7 Temel Duygu

Duygu, bireyin ruh haliyle veya çevresel etkenlere bağlı olarak insan vücudunda ve özellikle de beyinde birçok etkiye sahip olan psikofizyolojik bir değişimdir. Kişinin psikolojisiyle doğrudan ilişkisi olan duygular, günlük yaşamın da temelinde vardır. Her türlü arkadaşlık, aile ve daha yakın ilişkilerde duygular ön plandadır ve bu yüzden duygular birçok bilimsel çalışmada araştırılmış, pek çok duygu odaklı terapi yapılmış ve aynı zamanda birçok sanat eserine konu olmuştur.

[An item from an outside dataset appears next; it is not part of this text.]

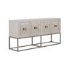 This attractive console meets all your 21st century technology needs in a vintage-inspired style that suggests the iconic glamour of Paris. This unique console features mixed materials including a luxurious stone top, maple veneer finished in dove gray, antiqued mirror accents and an open metal frame. Four doors reveal two adjustable shelves and plenty of storage for media, accessories, and all your other entertainment essentials.

Duygular insan tepkilerini ve hareketlerini belirleyen temel unsurlardır. Düşünceler duygu bütünlüğünün bir sonucu olarak ortaya çıkarlar ve anlamlı insan davranışları da böylelikle oluşmuş olur. Orta beyinde bulunan duyguların yönetildiği bölgede, ani bir tepkide bile duygu oluşmasını sağlayacak bir sistem vardır. Bu sistem haberleri duyguları kontrol eder ve temel amacı da kişinin hayatta kalmasını sağlamaktır. Özetlemek gerekirse, beyin durumlara en kolay şekilde hayatta kalmak için müdahale eder. Her ne kadar bu gibi basit mekanizmaları bilsek de, beynin karmaşık duygu bütünlüğünü ve duygusal değişimlerdeki nörolojik unsurları tam olarak bilmemekteyiz. Öyle ki, beyinde bulunan sinir ağlarının çeşitli uyarı bütünlüğüne sahip olması, farklı duyguların oluşumunu tetiklemektedir. Bu sinir ağları da insandan insana değişim gösterir. Duygu odaklı terapide tüm bunlar göz önünde bulundurulmaktadır.

Duygular ve beyindeki iletiminden kısaca bahsettiğimize göre 7 temel duyguya geçebiliriz. Kültürel farklılıklar duyguları etkileyebilir. Farklı kültürlerde ve özellikle dış dünyayla bağlantısı azalmış kabile gibi topluluklarda kendilerine has duygular vardır. Bazı duygular ise evrenseldir. Her kültür ve toplulukta bulunurlar. 7 temel duygu da bu evrensel duygulardan en baskın olanlarıdır. İnsanlarda evrimsel olarak doğuştan gelen 7 primer duygu bulunur. Beynin hayatta kalmak için ürettiği duygusal ağın merkezinde bu duygular bulunmaktadır. 7 temel duyguya primer duygular da denmektedir. Primer duyguların yerinde ve yeterince yaşanması insanın psikofizyolojik durumunun sağlıklı olmasını sağlar. Aşırı duygular ise psikofizyolojik sağlığın bozulmasında etkilidir. Bu da tıbbi anlamda birçok hastalığa temel oluşturabilmektedir.

Duygu Odaklı Terapi - 7 Temel Duygu

Yaradılışımızda birincil olarak 7 temel duygu vardır; öfke, korku, utanç, tiksinti, neşe coşku, üzüntü, şaşkınlık. Birincil duygular rehber niteliğindedir, işaret taşıdır. Birincil duygularımıza göre verdiğimiz tepkileri belirler ve bu duygulara göre yol alırız. İkincil duygular ve üçüncül duygular gerçek duygular değildir. Biz terapide her zaman danışanlarımıza birincil duyguları deneyimletmeye çabalarız.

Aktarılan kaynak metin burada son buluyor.